__Supplied material__
· · ·
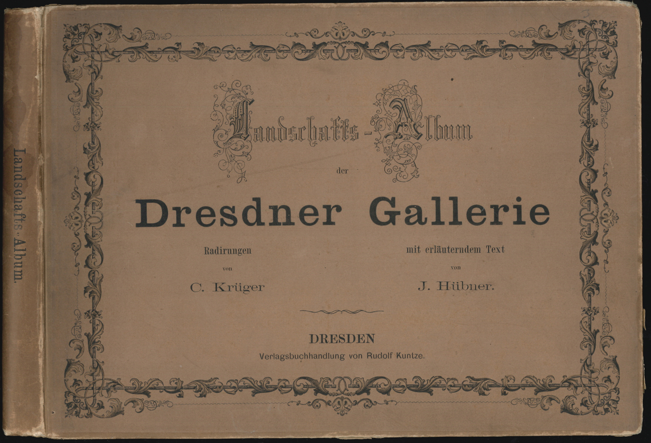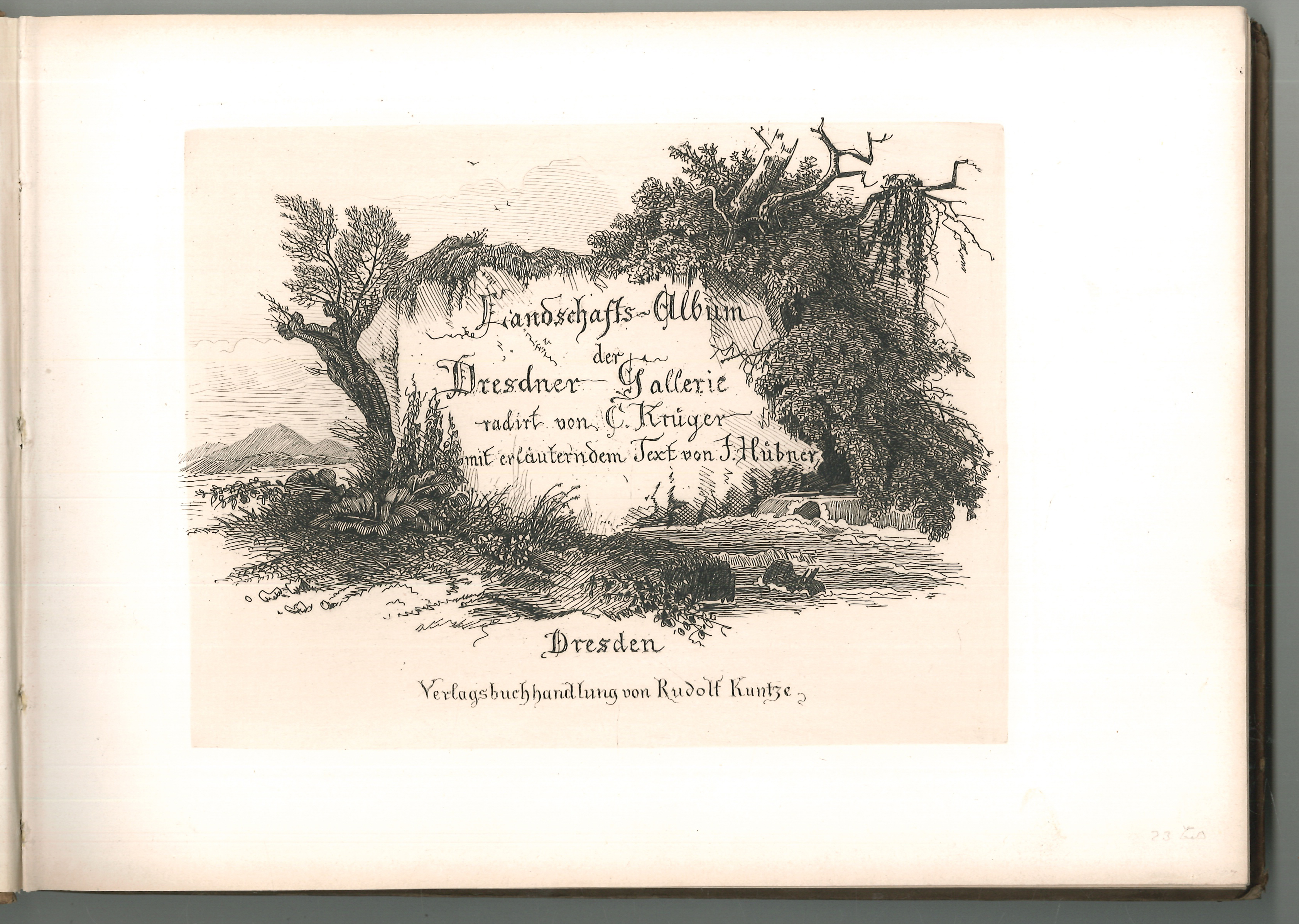 1271-25 KRÜGER, C[arl] - HÜBNER, J(ulius). (Text). Landschafts-Album der Dresdner Gallerie. Komplettes Album mit verkleinerten Radierungen niederländischer Landschaftsdarstellungen, u. a. von Claude Lorrain, Lucas van Uden oder Jacob van Ruysdael. Die Radierungen stammen von Carl Krüger. | |||
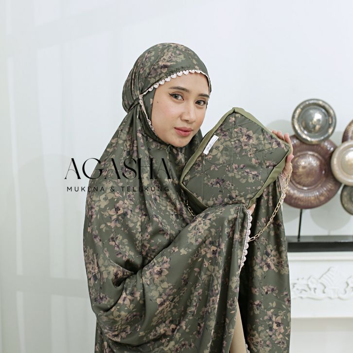 RK - Mukena Myesha Resleting 2in1 Armani Silk Motif Bunga Renda Premium
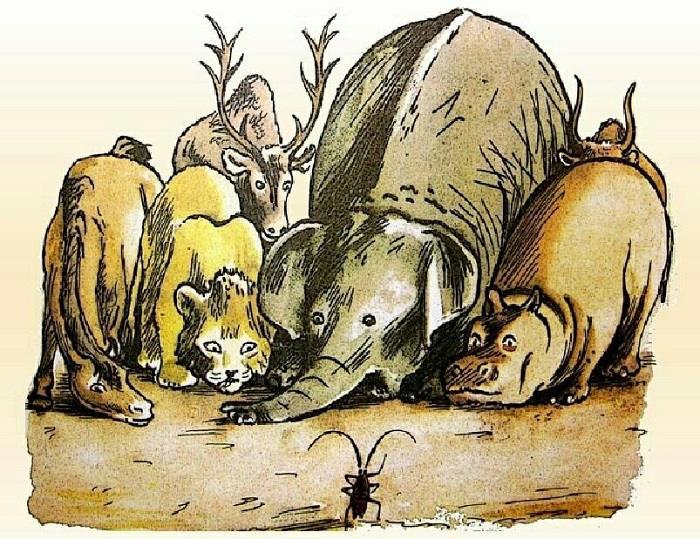 Мы успокаиваем их и стараемся убедить, что тут нет еще ничего опасного, что это всего-навсего таракан, которого не следует бояться. Куда там! Они продолжают вопить своё: "Как так таракан? Это не таракан, а тысяча разъяренных зверей! Это не таракан, а пропасть, гибель Советской власти"…
· · ·
__Try it__
Would you return the material above exactly, apart from its pictures?

__Task solution__
 1271-25 KRÜGER, C[arl] - HÜBNER, J(ulius). (Text). Landschafts-Album der Dresdner Gallerie. Komplettes Album mit verkleinerten Radierungen niederländischer Landschaftsdarstellungen, u. a. von Claude Lorrain, Lucas van Uden oder Jacob van Ruysdael. Die Radierungen stammen von Carl Krüger. | |||
 RK - Mukena Myesha Resleting 2in1 Armani Silk Motif Bunga Renda Premium
 Мы успокаиваем их и стараемся убедить, что тут нет еще ничего опасного, что это всего-навсего таракан, которого не следует бояться. Куда там! Они продолжают вопить своё: "Как так таракан? Это не таракан, а тысяча разъяренных зверей! Это не таракан, а пропасть, гибель Советской власти"…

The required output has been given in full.